### [Requirement]
Give the records below again, word for word. No pictures belong in the copy.

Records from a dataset
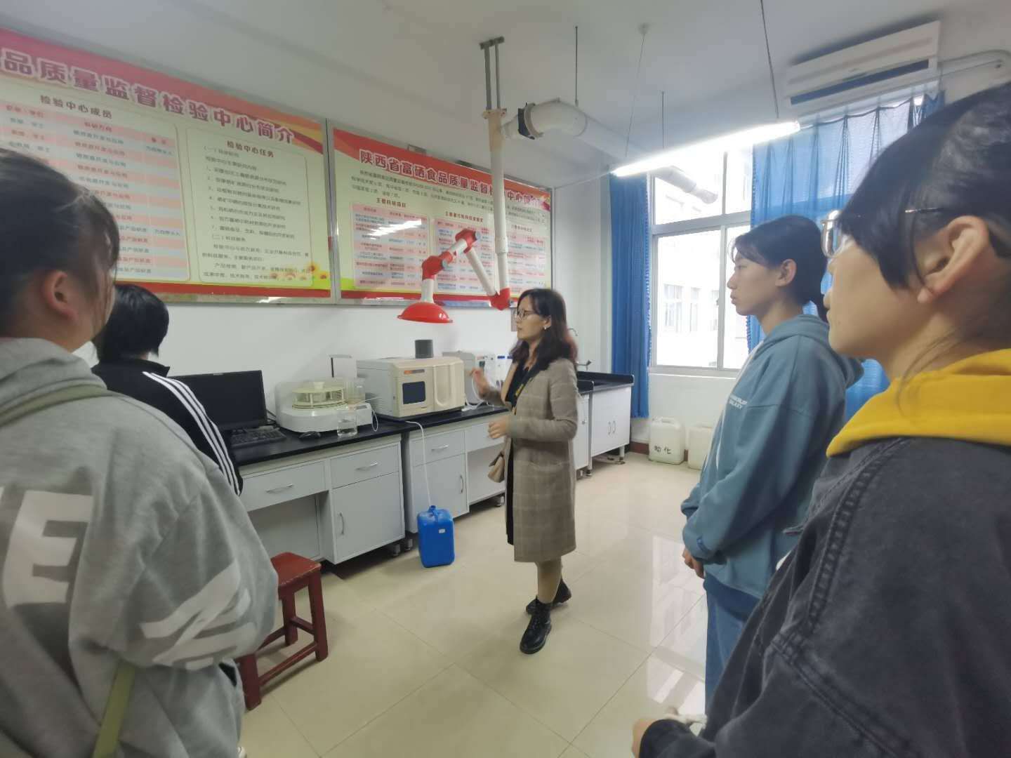 纪桢老师和寇莹老师首先带领同学们参观了beat365官网实验实训教学中心,包括化工综合实训室、大学生创新创业实验室、无机化学与分析化学实验室、仪器分析实验室、物理化学实验室、有机实验室、化工虚拟仿真实验室以及陕西省富硒食品质量监督检验中心等专业实验室和科研平台,给同学们讲解了专业特点、培养目标和各专业实验室承担的主要教学科研任务,鼓励学生积极参与各类竞赛及科研活动,力争在校期间获得更多成果。
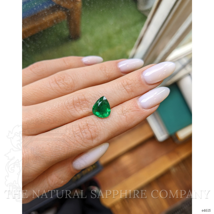 Deep within the fertile geological landscapes of Zambia, a miraculous process unfolded millions of years ago, giving birth to a most captivating gemstone. This exquisite emerald, weighing 3.19 carats, owes its existence to a fascinating symbiosis of elemental forces and geological time. Formed during a geological epoch when tectonic plates shifted, intense pressures and temperatures facilitated the fusion of beryllium with chromium and vanadium. These conditions were essential for the emergence of an emerald with such vivid color intensity, achieved through trace elements that imbue it with its characteristic green hue. The unique pear shape of this gem was meticulously sculpted through a mixed brilliant cut, an intricate technique that enhances its inherent brilliance by maximizing the interplay of light across its surface.
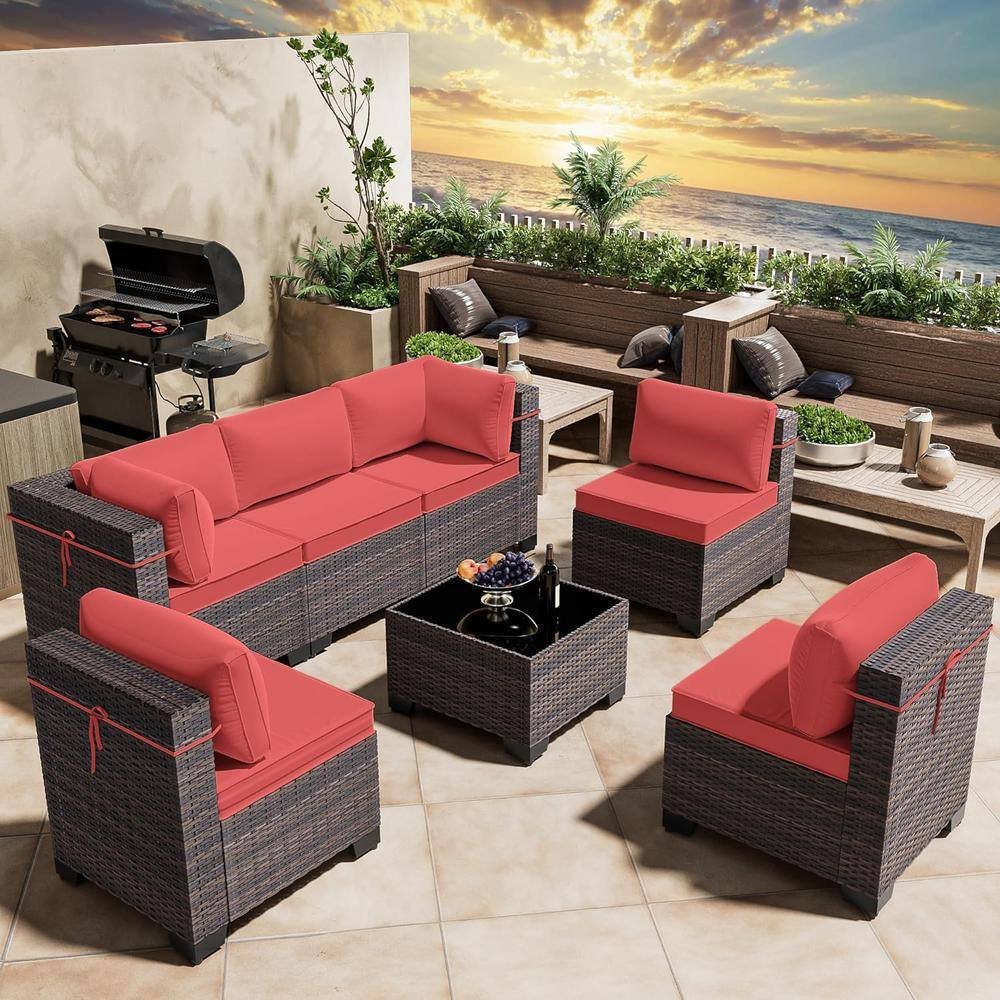 881022 HALMUZ - 7-Piece Wicker Outdoor Sectional Set with Cushion Red
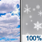 Temperature: 9°F Wind Speed: 5 to 10 mph Wind Direction: W Forecast: Snow before 11pm. Mostly cloudy, with a low around 9. West wind 5 to 10 mph. Chance of precipitation is 100%. New snow accumulation of less than one inch possible. |
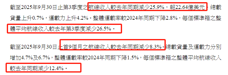 海丰国际在2025年前三季度收入24.6亿美元,2024年前三季度21亿美元。
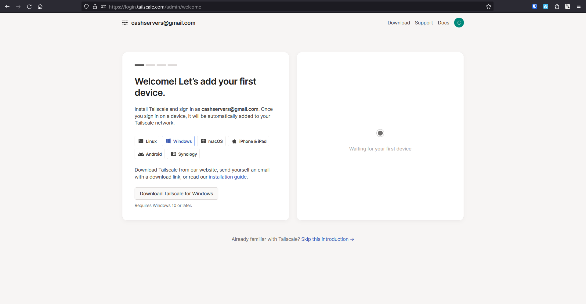 Once signed in, the dashboard will say "Waiting for your first device"
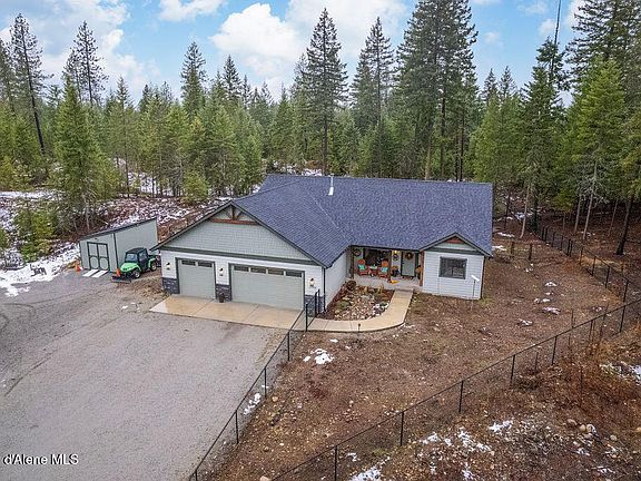 Fidelity One-Year Home Warranty Included! *Come enjoy this 10.7-acre wonderland of tamaracks and pines just a few minutes from Farragut State Park! There is plenty of room for all your outdoor activities—a large fenced-in yard to keep your animals in and the moose and deer out. Pack up your toys and binoculars for a personal Big Foot hunt on nearby trails and lakes. This stunning home boasts three bedrooms and two baths, all on one level. It's just a few Big Feet away from State land! With gorgeous built-in cabinets, knotty alder trim throughout, and countertops dressed in granite and marble, this place is begging to be your forever home! The bathrooms flaunt fancy upgraded tiles, and let's not forget the 9x9 master closet! Stay toasty by the gas fireplace in winter and cool off with your central AC in the summer. What are you waiting for? Adventure awaits!
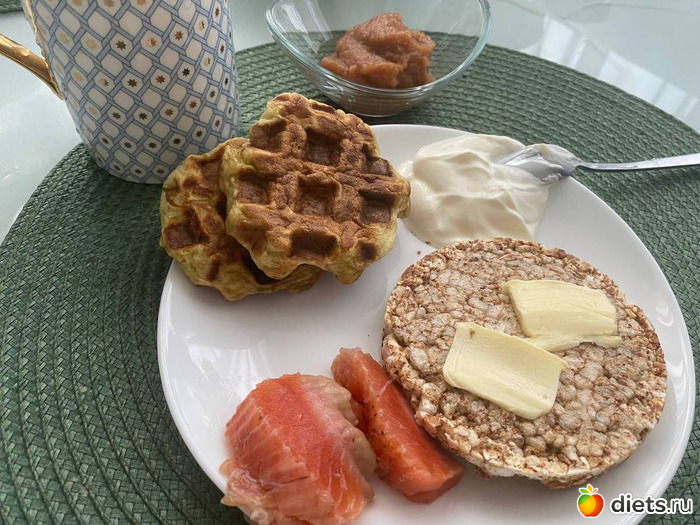 В тексте стоит "яблоки", в вазочке яблочное пюре без сахара с корицей. Это я делала пастилу и оставила себе поесть. Поэтому и считаю как просто "яблоки". Кабачковые вафли остались с вчерашнего ужина. Кстати! Никто не знает, как отредактировать название? Не представляю, как это я так их записала?
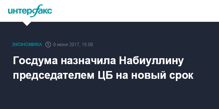 Москва. 9 июня. INTERFAX.RU - Госдума на заседании в пятницу назначила Эльвиру Набиуллину на должность председателя Банка России, новый срок ее полномочий начнется 24 июня.
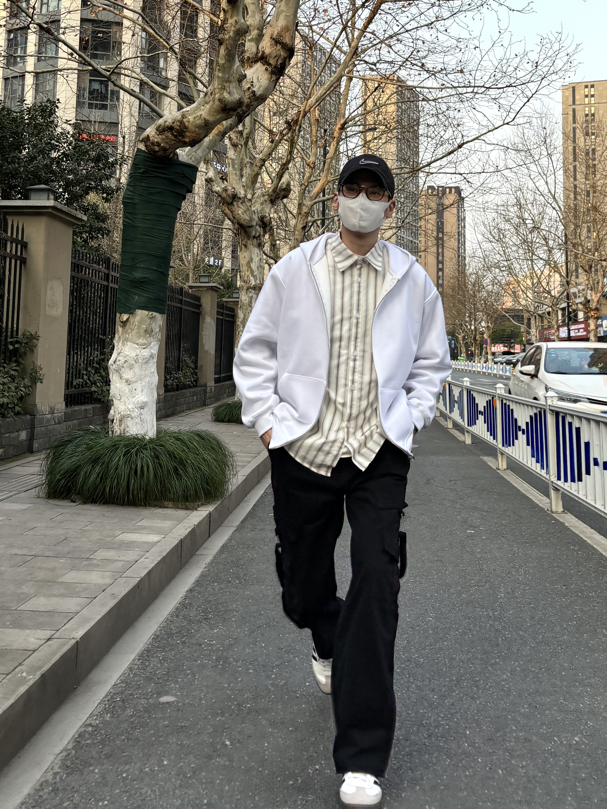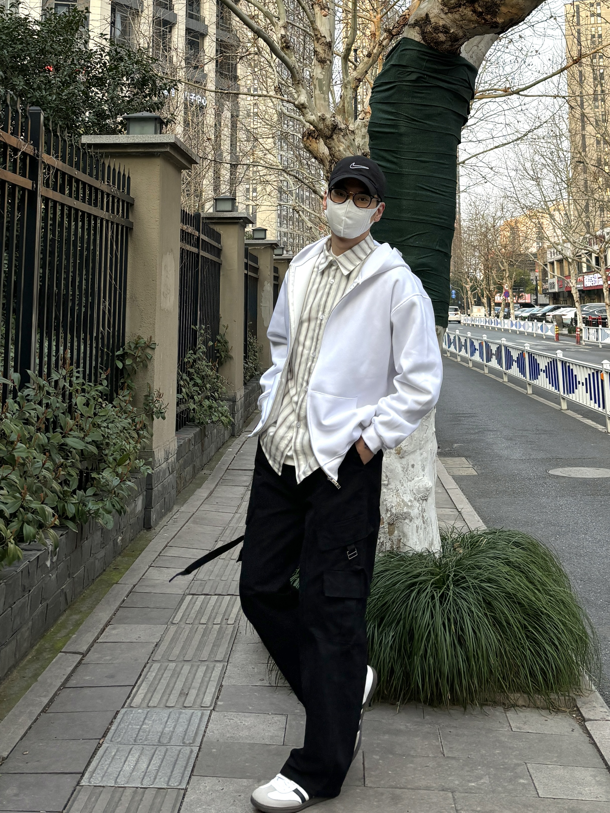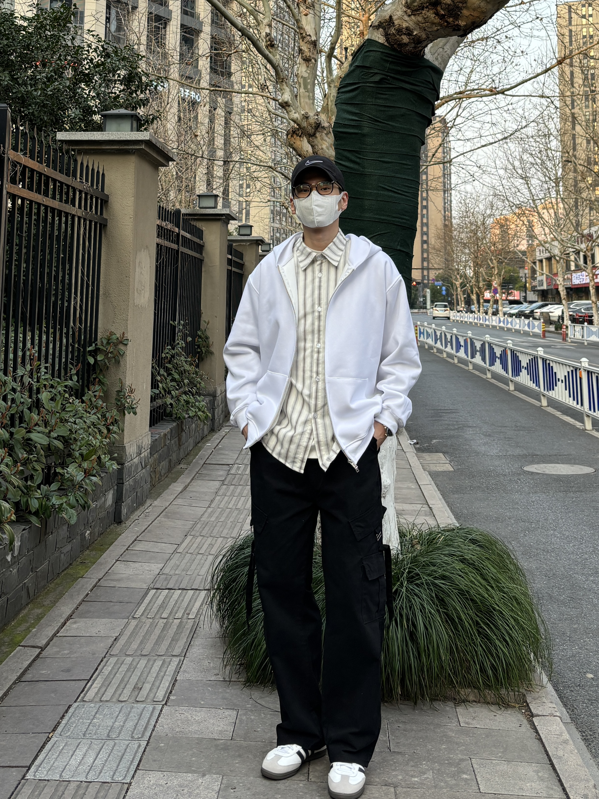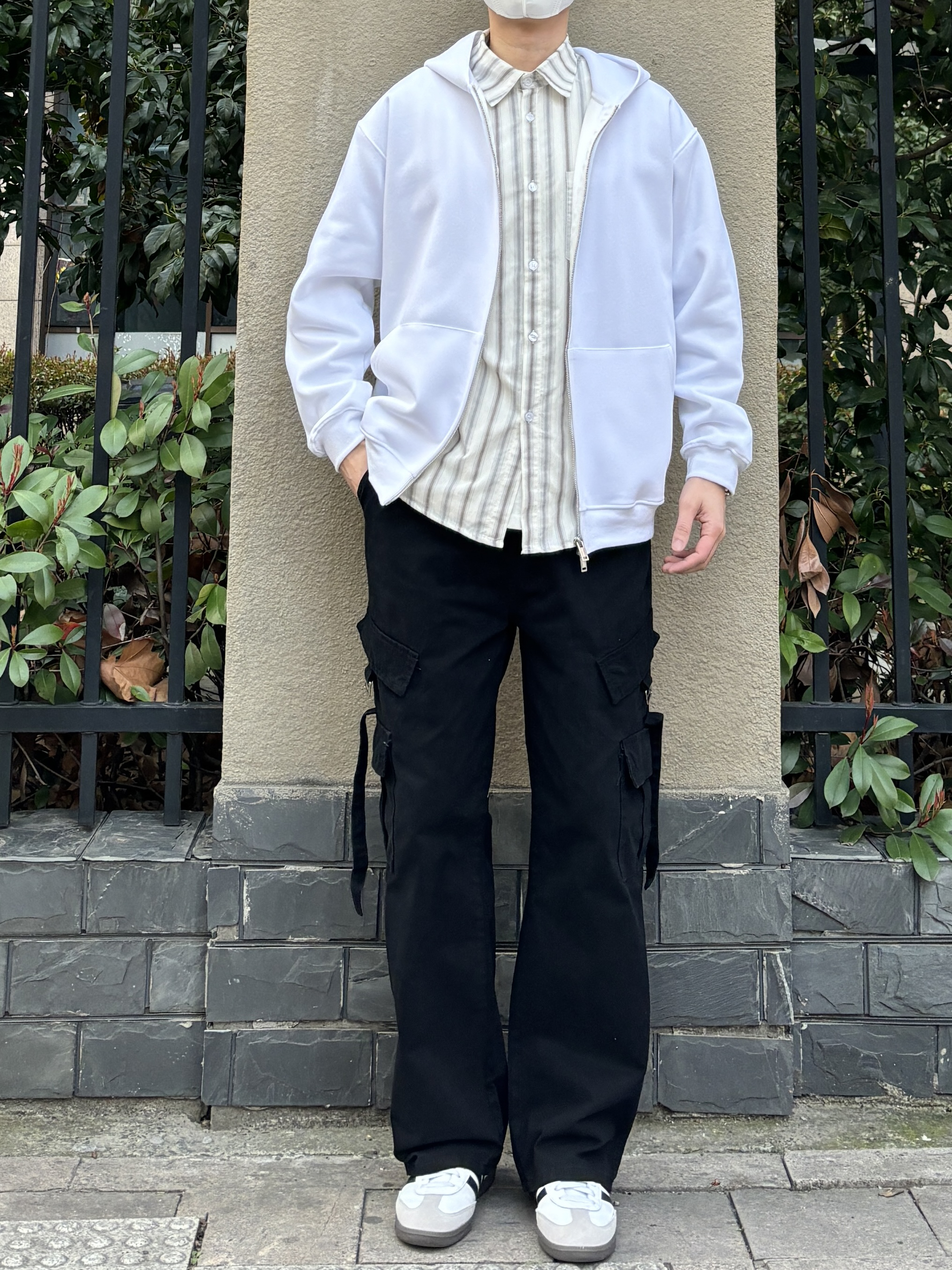 今天这套先用清爽干净的竖条纹休闲衬衫做内搭 ⬇️ 裤子选择简约大方的黑色直筒水洗多口袋飘带工装裤 ⬇️ 鞋子上脚经典百搭的黑白samba德训鞋 ⬇️ 接着套上白色宽松阔版双拉链开衫连帽卫衣 ⬇️ 最后戴一顶棒球帽呼应下裤子的颜色 - 今日搭配 衣服裤子:NICE LILI 鞋子:adidas samba
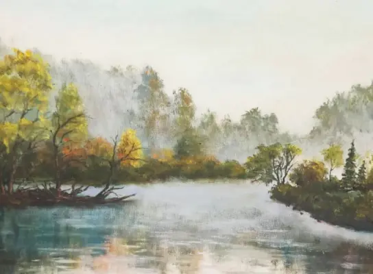 Извилистая речка, зелёные деревья, от воды исходит загадочное сияние, наполняя пейзаж волшебством и жизнью. Работа дышит светом, теплом и чистой детской фантазией.
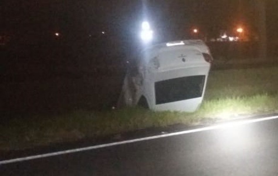 Um veículo foi encontrado capotado às margens da BR 101, em Sangão, na madrugada desta segunda-feira.
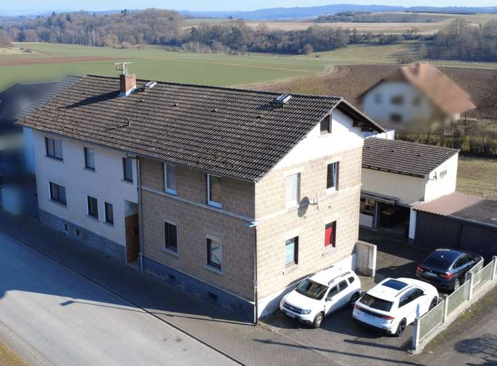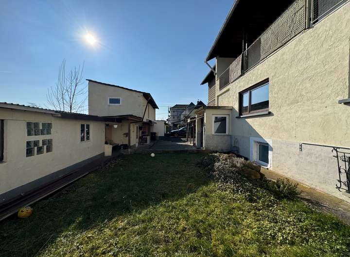 verschiedene Nebengebäude und eine Garage, sowie einen Gartenbereich. Seitlich des Hauses
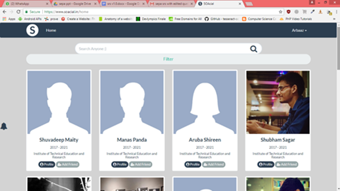 Students of SOA University do not have a platform where they can connect with other students and alumni of SOA University . The other social networking websites/apps that already exist allow everyone irrespective of their institute/university to create their profiles. This approach increases complexity and students often find difficulties in finding out people who belong to their institute/university. Moreover, students struggle to connect with alumni of their institute, who can help them regarding many job opportunities.
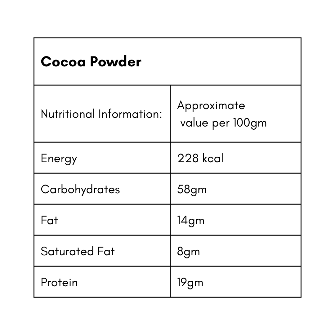 This non-alkalized, 100% cacao powder is made from organically grown cocoa near Annamalai. With minimal processing methods, without the use of any chemical processes - this cocoa powder contains antioxidants & nutrients. Enjoy the real taste of pure cacao, as it should be. Perfect for baking, hot chocolates & more!

### [Finished exercise]
 纪桢老师和寇莹老师首先带领同学们参观了beat365官网实验实训教学中心,包括化工综合实训室、大学生创新创业实验室、无机化学与分析化学实验室、仪器分析实验室、物理化学实验室、有机实验室、化工虚拟仿真实验室以及陕西省富硒食品质量监督检验中心等专业实验室和科研平台,给同学们讲解了专业特点、培养目标和各专业实验室承担的主要教学科研任务,鼓励学生积极参与各类竞赛及科研活动,力争在校期间获得更多成果。
 Deep within the fertile geological landscapes of Zambia, a miraculous process unfolded millions of years ago, giving birth to a most captivating gemstone. This exquisite emerald, weighing 3.19 carats, owes its existence to a fascinating symbiosis of elemental forces and geological time. Formed during a geological epoch when tectonic plates shifted, intense pressures and temperatures facilitated the fusion of beryllium with chromium and vanadium. These conditions were essential for the emergence of an emerald with such vivid color intensity, achieved through trace elements that imbue it with its characteristic green hue. The unique pear shape of this gem was meticulously sculpted through a mixed brilliant cut, an intricate technique that enhances its inherent brilliance by maximizing the interplay of light across its surface.
 881022 HALMUZ - 7-Piece Wicker Outdoor Sectional Set with Cushion Red
 Temperature: 9°F Wind Speed: 5 to 10 mph Wind Direction: W Forecast: Snow before 11pm. Mostly cloudy, with a low around 9. West wind 5 to 10 mph. Chance of precipitation is 100%. New snow accumulation of less than one inch possible. |
 海丰国际在2025年前三季度收入24.6亿美元,2024年前三季度21亿美元。
 Once signed in, the dashboard will say "Waiting for your first device"
 Fidelity One-Year Home Warranty Included! *Come enjoy this 10.7-acre wonderland of tamaracks and pines just a few minutes from Farragut State Park! There is plenty of room for all your outdoor activities—a large fenced-in yard to keep your animals in and the moose and deer out. Pack up your toys and binoculars for a personal Big Foot hunt on nearby trails and lakes. This stunning home boasts three bedrooms and two baths, all on one level. It's just a few Big Feet away from State land! With gorgeous built-in cabinets, knotty alder trim throughout, and countertops dressed in granite and marble, this place is begging to be your forever home! The bathrooms flaunt fancy upgraded tiles, and let's not forget the 9x9 master closet! Stay toasty by the gas fireplace in winter and cool off with your central AC in the summer. What are you waiting for? Adventure awaits!
 В тексте стоит "яблоки", в вазочке яблочное пюре без сахара с корицей. Это я делала пастилу и оставила себе поесть. Поэтому и считаю как просто "яблоки". Кабачковые вафли остались с вчерашнего ужина. Кстати! Никто не знает, как отредактировать название? Не представляю, как это я так их записала?
 Москва. 9 июня. INTERFAX.RU - Госдума на заседании в пятницу назначила Эльвиру Набиуллину на должность председателя Банка России, новый срок ее полномочий начнется 24 июня.
 今天这套先用清爽干净的竖条纹休闲衬衫做内搭 ⬇️ 裤子选择简约大方的黑色直筒水洗多口袋飘带工装裤 ⬇️ 鞋子上脚经典百搭的黑白samba德训鞋 ⬇️ 接着套上白色宽松阔版双拉链开衫连帽卫衣 ⬇️ 最后戴一顶棒球帽呼应下裤子的颜色 - 今日搭配 衣服裤子:NICE LILI 鞋子:adidas samba
 Извилистая речка, зелёные деревья, от воды исходит загадочное сияние, наполняя пейзаж волшебством и жизнью. Работа дышит светом, теплом и чистой детской фантазией.
 Um veículo foi encontrado capotado às margens da BR 101, em Sangão, na madrugada desta segunda-feira.
 verschiedene Nebengebäude und eine Garage, sowie einen Gartenbereich. Seitlich des Hauses
 Students of SOA University do not have a platform where they can connect with other students and alumni of SOA University . The other social networking websites/apps that already exist allow everyone irrespective of their institute/university to create their profiles. This approach increases complexity and students often find difficulties in finding out people who belong to their institute/university. Moreover, students struggle to connect with alumni of their institute, who can help them regarding many job opportunities.
 This non-alkalized, 100% cacao powder is made from organically grown cocoa near Annamalai. With minimal processing methods, without the use of any chemical processes - this cocoa powder contains antioxidants & nutrients. Enjoy the real taste of pure cacao, as it should be. Perfect for baking, hot chocolates & more!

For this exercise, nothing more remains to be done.